7 Checking accounts allow the holder of the account to write a check and the checks we use from the account are really an instruction to transfer funds from one account to another. This is nice because for bigger purchases we need not carry large amounts of currency. Some problems of using checks are i) if someone gives you a check and they are from far away, it could take time before your bank actually recognizes the value in your account, ii) the cost of check processing is relatively large. Banks are easing the processing burden by allowing electronic payment (essentially electronic checks being used). Plus you save on postage! The latest innovation includes things like debit cards and smart cards. You may even use these, right? These cards are based to some account to which you have access. So, we have said money is that which is generally accepted as payment for goods and services and for our debts. We use money because we have confidence others will accept it from us. Next we turn to how money is officially defined by the Federal Reserve.
8 The Monetary Aggregates M1 = currency (paper and coin in the hands of the nonbank public, so cash inside ATM and bank vaults and cash drawers are not money until you and me take funds out of our accounts) + Traveler’s checks (not issued by banks) + demand deposits (checking accounts that do not pay interest and bank issued traveler’s check) + other checkable deposits (including interest bearing checking accounts). M1 is the narrowest definition of money because it includes only the most liquid assets around (this means converted to cash with ease and speed). In fact they all can be used to make payment – they are the medium of exchange! M2 = M1 + small-denominated time deposits + Savings deposits and money market deposit accounts + money market mutual fund shares. M2 includes items that can be converted to M1 items fairly easily and with very little cost. So, M2 includes money and near money items.

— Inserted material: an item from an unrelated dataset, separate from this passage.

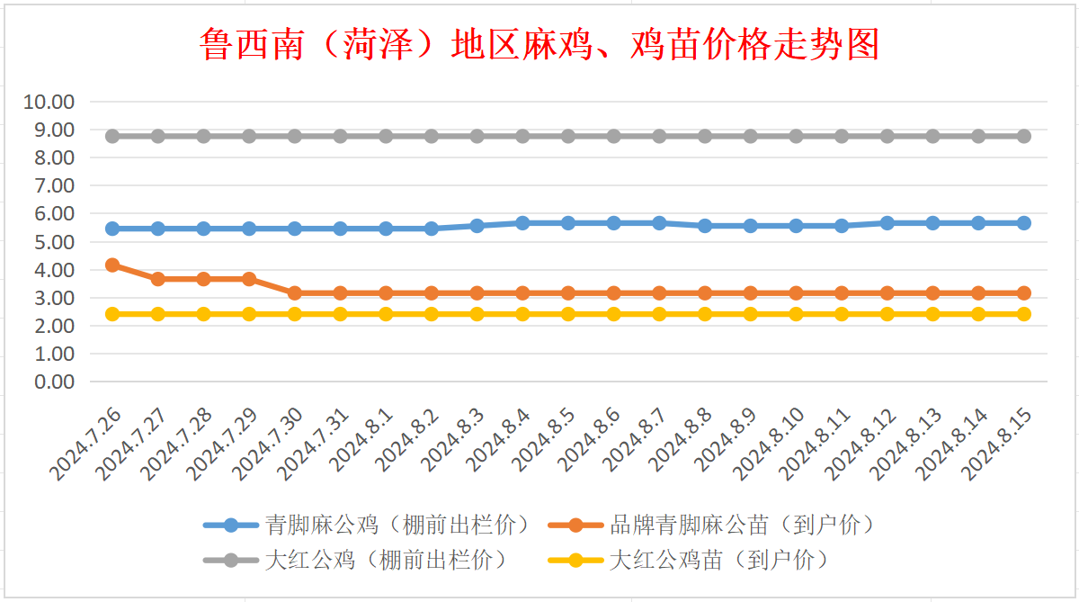 8月15日鲁西南(菏泽)地区麻鸡、鸡苗价格行情

9 We should note that historically the growth rates of M1 and M2 do not always follow the same pattern. This is important for reasons we will study later. Basically there is some idea that controlling the money supply can have an impact on other economic outcomes. But if we want that control (if we can have it at all) we need to have the correct notion of money. This is not an easy thing to pin down! By the way the growth in any variable is (later value – value a year earlier)/value a year earlier and then take this result and multiply by 100. As an example say you have a stock that starts out being worth $50 and then a year later is worth $57. The growth rate in the value of the stock is (57 – 50)/50 = 7/50 =.14 and then times 100 for 14 or 14% growth rate!